Double Free
What is Double Free?
Double FreeA memory-safety bug where the same heap chunk is freed twice, corrupting allocator metadata and often enabling arbitrary code execution.
A double free occurs when free()/delete is invoked more than once on the same pointer. The allocator's free lists or bin structures become inconsistent, allowing attackers to trick a later allocation into returning attacker-influenced memory or into overlapping live objects — a primitive that can lead to arbitrary writes and code execution. Double frees are tracked as CWE-415 and often coexist with use-after-free and double-fetch bugs. Defences include single-ownership patterns (RAII, smart pointers), setting pointers to NULL after free, hardened allocators that detect duplicate frees (tcache double-free protection in glibc, scudo), AddressSanitizer testing, and memory-safe languages.
● Examples
- 01
CVE-2015-1322 — glibc tcache double-free leading to heap corruption.
- 02
CVE-2019-19377 — Linux btrfs double-free triggered by malformed images.
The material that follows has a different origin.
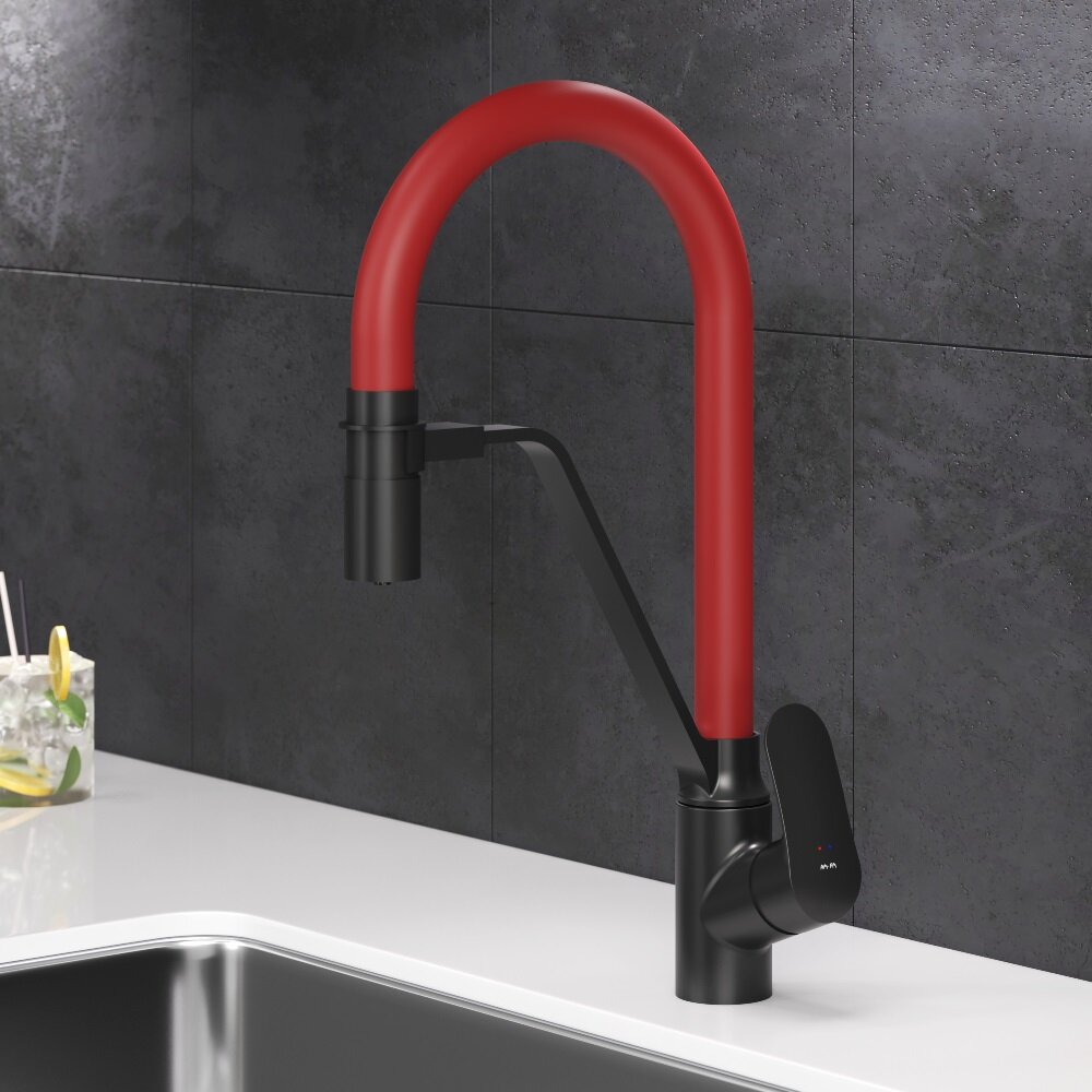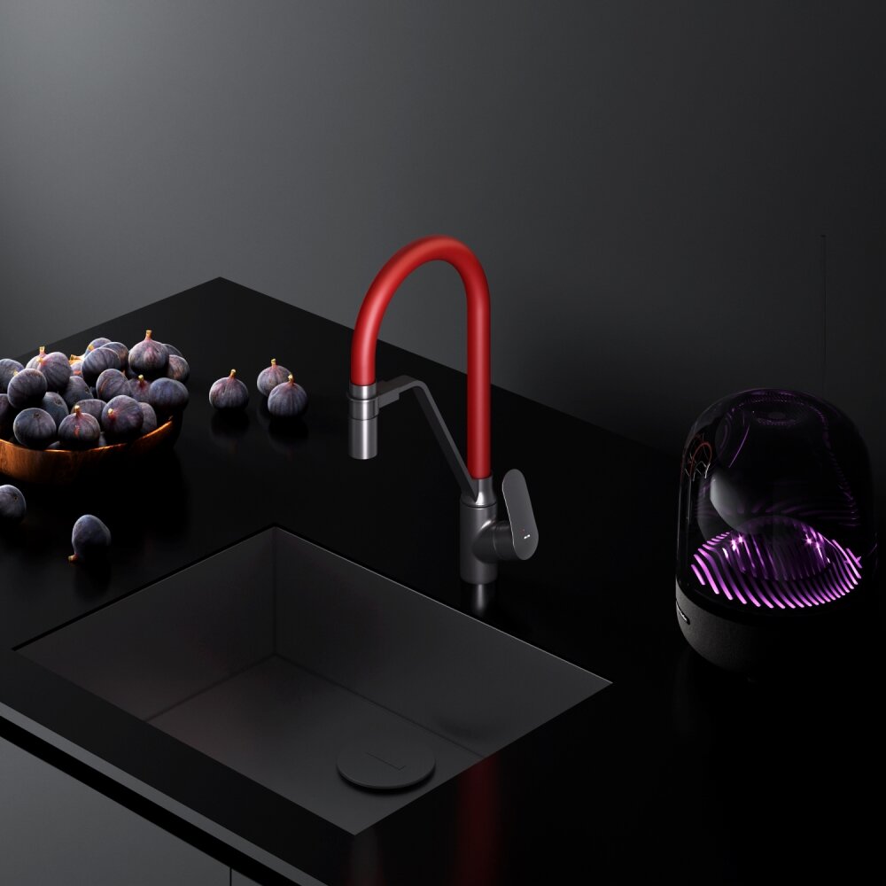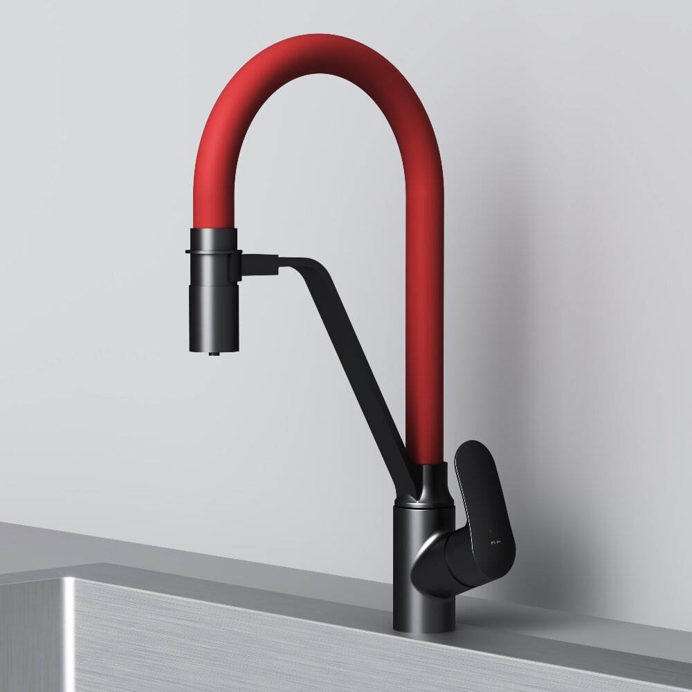 Смеситель для кухни AM.PM Like F8007828 высокий, черный, с красным гибким изливом и каналом питьевой воды

● Frequently asked questions
What is Double Free?
A memory-safety bug where the same heap chunk is freed twice, corrupting allocator metadata and often enabling arbitrary code execution. It belongs to the Vulnerabilities category of cybersecurity.
What does Double Free mean?
A memory-safety bug where the same heap chunk is freed twice, corrupting allocator metadata and often enabling arbitrary code execution.
How do you defend against Double Free?
Defences for Double Free typically combine technical controls and operational practices, as detailed in the full definition above.
What are other names for Double Free?
Common alternative names include: Double-free vulnerability.